Both puppets took turns in enacting the novel action associated with each verb on all four toys which varied in color and other, small accoutrements (small clips, blocks affixed to the toys). The characteristic sounds associated with each novel verb contained minor variations. There was also variation in the forms of the verbs wug and meek. Both verbs were used in the progressive (e.g., I am meeking the toy with my hand) or in their bare form (e.g., Do you want to meek the toy?). Their direct object arguments occurred as either full noun phrases or pronouns (e.g., I am wugging the toy/it carefully). The arguments were also omitted if licensed by prior discourse context (e.g., in questions: Where is she meeking ( ) with her hand? or in statements: She is wugging ( ) carefully). The subject arguments referring to the puppets were either pronouns (e.g., I, he, she) or obligatorily null in complement clauses (e.g., Do you want to meek the toy?).
Different sets of audio files were superimposed on the same set of videos using iMovie (Apple Inc., Cupertino, CA, USA) and embedded in PowerPoint files (Microsoft Corporation, Redmond, WA, USA) to create a total of sixteen different versions of the stimuli. Four versions of the training phase were created. In two versions, the verb wug was associated with a pulling–releasing action, a twangy sound, and an adjunct prepositional phrase (with his/her hand), while the verb meek was associated with a rolling–releasing action, a rattly sound, and an adjunct adverbial (carefully).
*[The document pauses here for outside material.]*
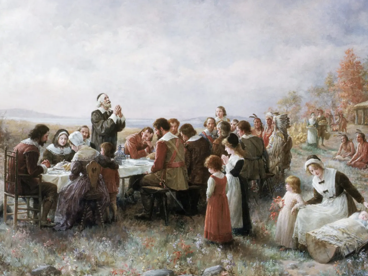 L’un des symboles de cette légende dorée n’est autre que la fête de Thanksgiving. Chaque quatrième jeudi de novembre, des millions de familles américaines se réunissent autour d’une dinde pour commémorer le « premier Thanksgiving » (en 1621), un repas de trois jours entre les pèlerins du Mayflower (des puritains anglais qui avaient fui les persécutions religieuses) et les Wampanoag de Massasoit, qui leur avaient appris à cultiver le maïs, à pêcher et à chasser, leur permettant de survivre à leur premier hiver meurtrier. Sans l’aide des Wampanoag, la colonie de Plymouth aurait probablement disparu. Pour tous, ou presque, aujourd’hui, la scène du 22 novembre 1621 est touchante et pleine de bons sentiments. L’histoire est pourtant plus sombre.
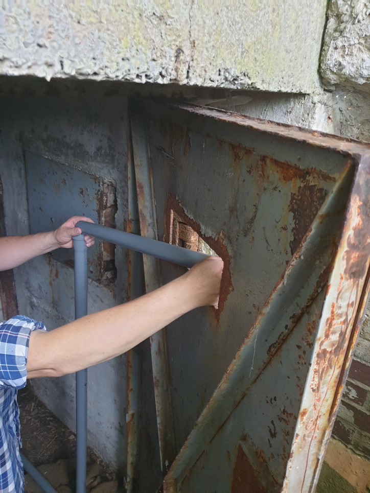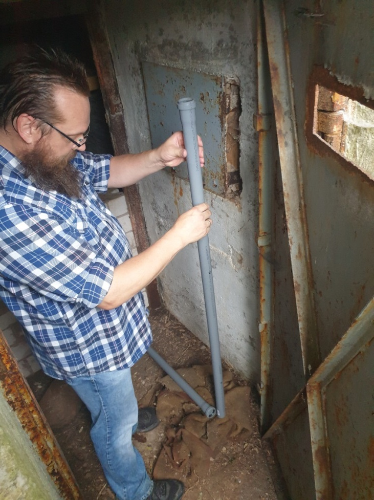Hiernach waren weitere Einsätze während des Sommers notwendig, um die eiserne Eingangstür öffnen zu können, die über viele Jahre in dem eisernen Türrahmen eingerostet war. Wiederholte Hammerschläge und der Einsatz rostlösender Sprays über mehrere Tage waren dafür notwendig! Dann musste noch die über viele Jahre angesammelte teilweise knietiefe Erdschicht vor der Tür entfernt werden.

In the other two versions, the mapping between verbs and cue constellations was reversed. For each of these verb–action–sound–adjunct phrase constellations, the order in which the verbs were introduced during training was counterbalanced. Each of the four training phase videos was then combined with a common set of stimuli used in comprehension training, comprehension assessment, and production assessment. Each of the resulting four training sequences was then combined with four versions of a common set of test trials that varied in how the test stimuli were presented. The test stimuli were presented in two blocks that counterbalanced the order in which the linguistic and perceptual cues were presented during the test phase (i.e., they varied in whether the video clip containing the question with the adjunct phrase was played before or after the video clip containing action and/or sound was played). The order of the stimuli within each block was also counterbalanced.
The test stimuli consisted of twelve pairs of video clips. Six out of the twelve pairs of clips were constructed to assess participants’ ability to associate each type of cue with the appropriate verb when the cues would be presented in isolation—the ‘unimodal baseline’ condition. In the ‘visual cue only’ clips, the participant would be shown only the action (e.g., the puppet pulling and releasing the toy’s spring), but hear no accompanying sound (e.g., no twangy sound) and no adjunct phrase in the question asked by the puppet (What is he doing?). In the ‘auditory cue only’ clips, they would hear only the sound (e.g., a twangy sound), but see no action (a black screen would cover the video of the action) and no adjunct phrase would be used in the question asked by the puppet (What is he doing?). In the ‘linguistic cue only’ clips, they would hear the adjunct phrase in the question asked by the puppet (e.g., What is he doing with his hand?), but hear no sound (e.g., no twangy sound) and see no action (a black screen would cover the video of the action).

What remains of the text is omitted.